Another obstacle Arellano is wary of in the future is the further militarization of the border, even under an incoming Biden administration.
“I wish I was more optimistic,” Arellano said. “The Border Patrol has really been emboldened under the Trump administration because they were welcomed with open arms as quasi-national police. I think there will be some changes, but the bell that I don’t expect to unring though is the emboldening of the Border Patrol.”
Arellano cited the incoming administration’s past rhetoric on policing as particularly troubling.
“Both Biden and Harris have shown in their previous records respectively to be pro-policing and support an escalated level of policing,” Arellano said. “The Border Patrol is extremely overfunded and have massive technology that can be potentially unleashed on at least a third of the country. I don’t see Biden and Harris taking a stand against that, and I’m wary they might actually expand those powers.”
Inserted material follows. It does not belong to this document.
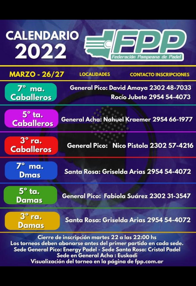 »» Evento: FPP - 1ra Etapa - IMPARES »» Localidad: General Acha | General Pico | Santa Rosa »» Fechas: 26/03/2022 al 10/04/2022

In spite of these obstacles, Arellano remains undeterred and says that the work along the border will have to continue regardless of who’s in the white house.
“Regardless of what we encounter in this process, it’s nothing in comparison to what those crossing [the border] encounter,” she said. “We don’t save anyone; they are capable and powerful beyond measure and they save themselves. All we do is spend some time sharing resources and we will continue to do so until we don’t have to.”